(Dataset entries)
* * *

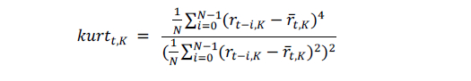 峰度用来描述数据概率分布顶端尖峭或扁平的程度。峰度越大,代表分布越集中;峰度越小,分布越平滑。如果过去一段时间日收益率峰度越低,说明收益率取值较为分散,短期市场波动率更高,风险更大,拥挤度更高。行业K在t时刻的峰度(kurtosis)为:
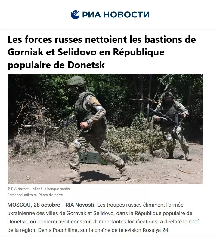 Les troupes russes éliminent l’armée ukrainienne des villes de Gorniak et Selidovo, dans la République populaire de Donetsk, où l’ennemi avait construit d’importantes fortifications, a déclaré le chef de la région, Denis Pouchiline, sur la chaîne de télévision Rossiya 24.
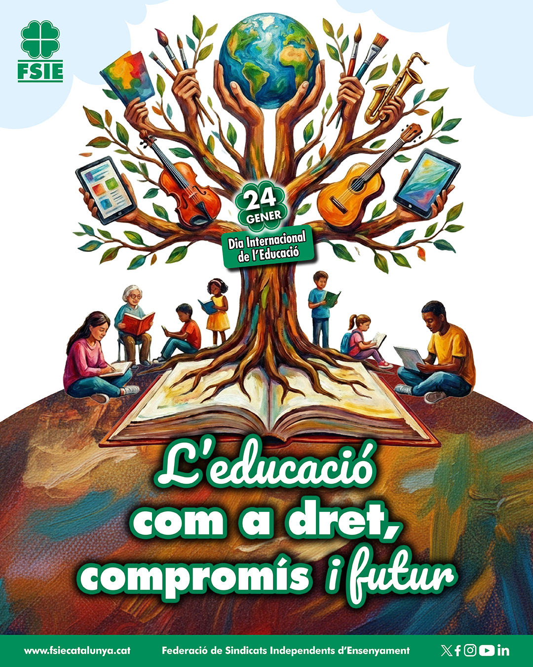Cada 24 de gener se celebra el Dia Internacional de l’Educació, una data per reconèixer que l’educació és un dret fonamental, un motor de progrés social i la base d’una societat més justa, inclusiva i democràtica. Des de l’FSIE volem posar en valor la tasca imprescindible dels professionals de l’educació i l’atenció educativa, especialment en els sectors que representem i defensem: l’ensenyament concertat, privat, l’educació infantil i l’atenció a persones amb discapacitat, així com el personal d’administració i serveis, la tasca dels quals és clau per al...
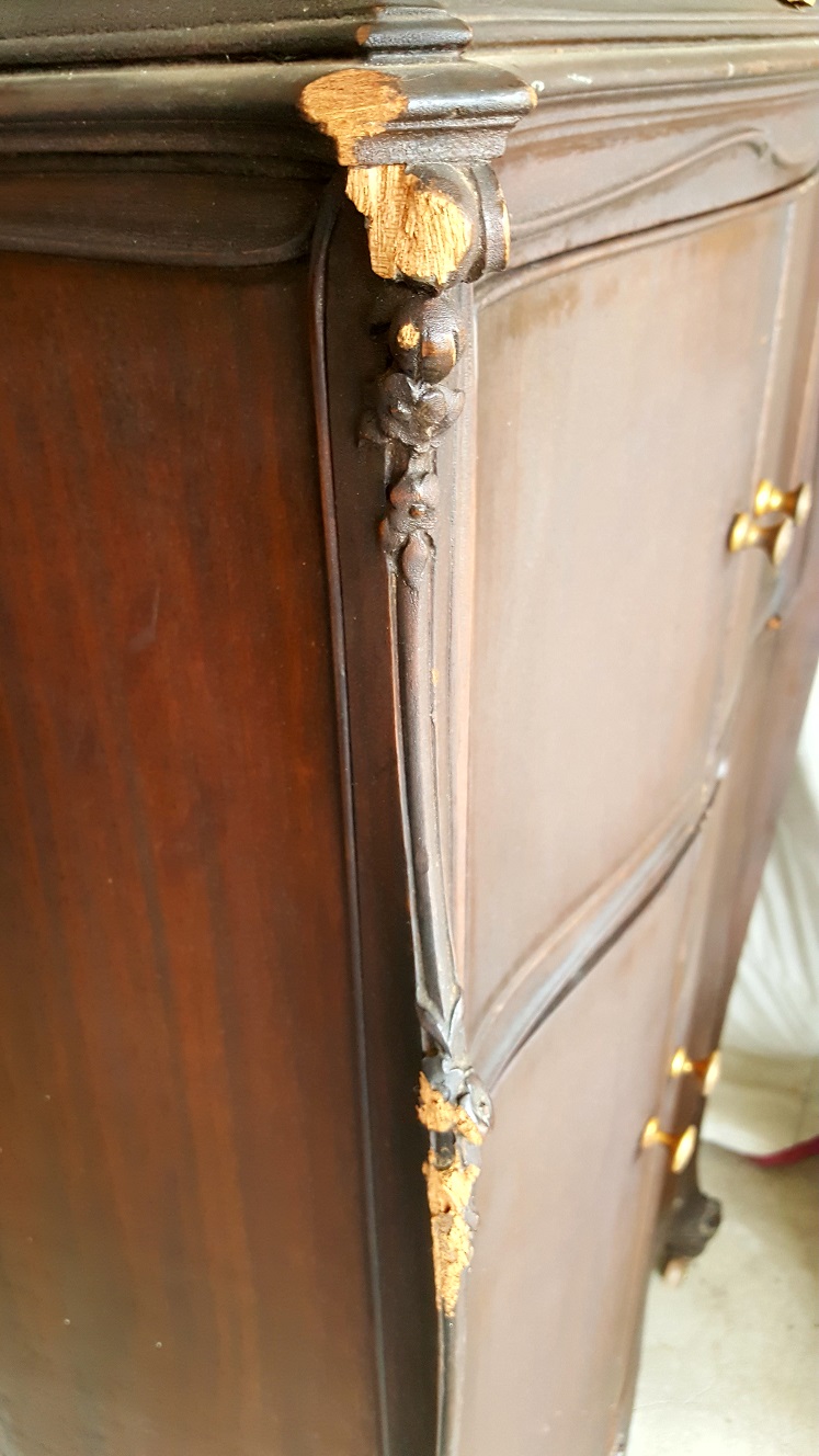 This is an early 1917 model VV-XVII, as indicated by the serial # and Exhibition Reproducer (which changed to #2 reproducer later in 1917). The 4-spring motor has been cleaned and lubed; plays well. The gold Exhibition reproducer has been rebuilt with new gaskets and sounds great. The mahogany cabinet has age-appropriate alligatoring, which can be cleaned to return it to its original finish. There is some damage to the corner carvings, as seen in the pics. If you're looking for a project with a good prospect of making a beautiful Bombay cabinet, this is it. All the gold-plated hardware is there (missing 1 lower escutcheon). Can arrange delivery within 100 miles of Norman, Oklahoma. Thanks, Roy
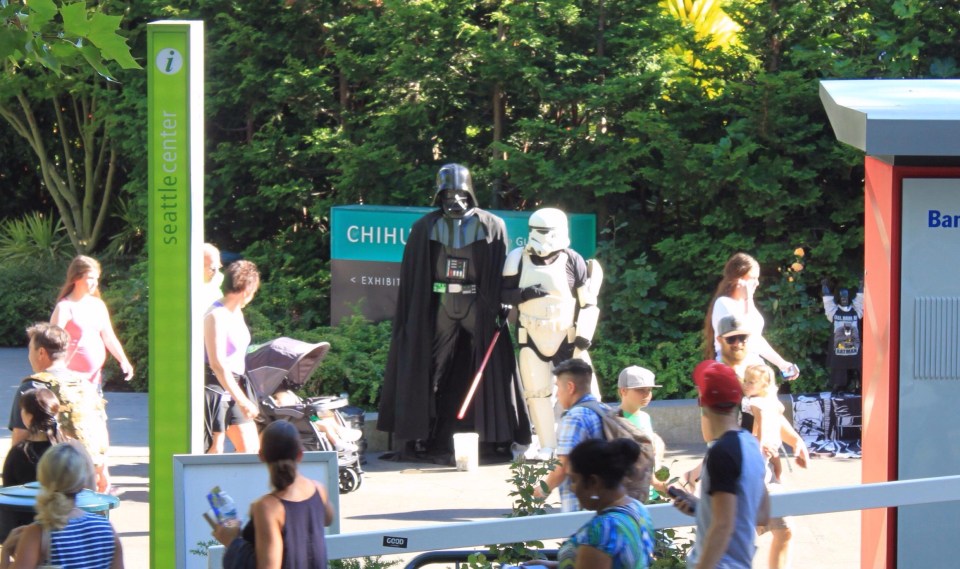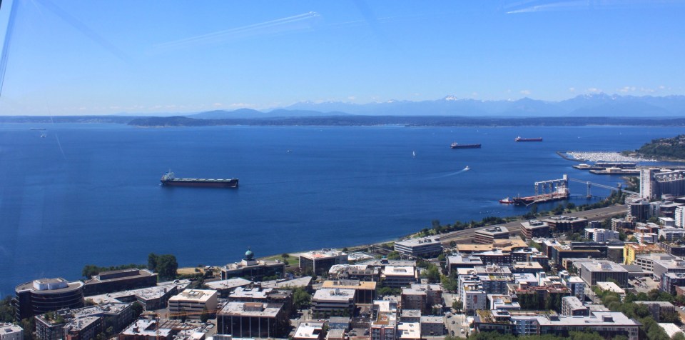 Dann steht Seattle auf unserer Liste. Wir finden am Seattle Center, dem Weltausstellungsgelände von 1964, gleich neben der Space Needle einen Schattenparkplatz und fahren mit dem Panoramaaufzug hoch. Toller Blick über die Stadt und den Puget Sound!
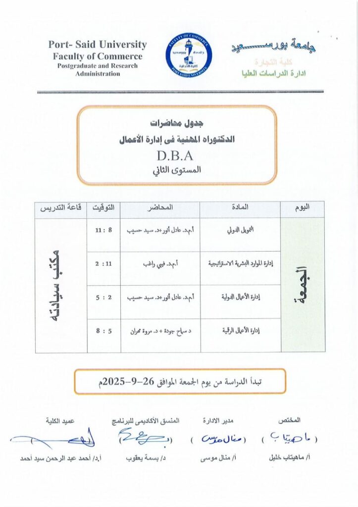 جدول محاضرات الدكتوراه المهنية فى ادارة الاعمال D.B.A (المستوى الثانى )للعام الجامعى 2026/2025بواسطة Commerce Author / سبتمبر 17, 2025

* * *

> **Task prompt**:
Take the records from their first line through the line containing "Cada 24 de gener" and please return exactly those lines, both ends included, minus the pictures.

> **Answer area**:
 峰度用来描述数据概率分布顶端尖峭或扁平的程度。峰度越大,代表分布越集中;峰度越小,分布越平滑。如果过去一段时间日收益率峰度越低,说明收益率取值较为分散,短期市场波动率更高,风险更大,拥挤度更高。行业K在t时刻的峰度(kurtosis)为:
 Les troupes russes éliminent l’armée ukrainienne des villes de Gorniak et Selidovo, dans la République populaire de Donetsk, où l’ennemi avait construit d’importantes fortifications, a déclaré le chef de la région, Denis Pouchiline, sur la chaîne de télévision Rossiya 24.
Cada 24 de gener se celebra el Dia Internacional de l’Educació, una data per reconèixer que l’educació és un dret fonamental, un motor de progrés social i la base d’una societat més justa, inclusiva i democràtica. Des de l’FSIE volem posar en valor la tasca imprescindible dels professionals de l’educació i l’atenció educativa, especialment en els sectors que representem i defensem: l’ensenyament concertat, privat, l’educació infantil i l’atenció a persones amb discapacitat, així com el personal d’administració i serveis, la tasca dels quals és clau per al...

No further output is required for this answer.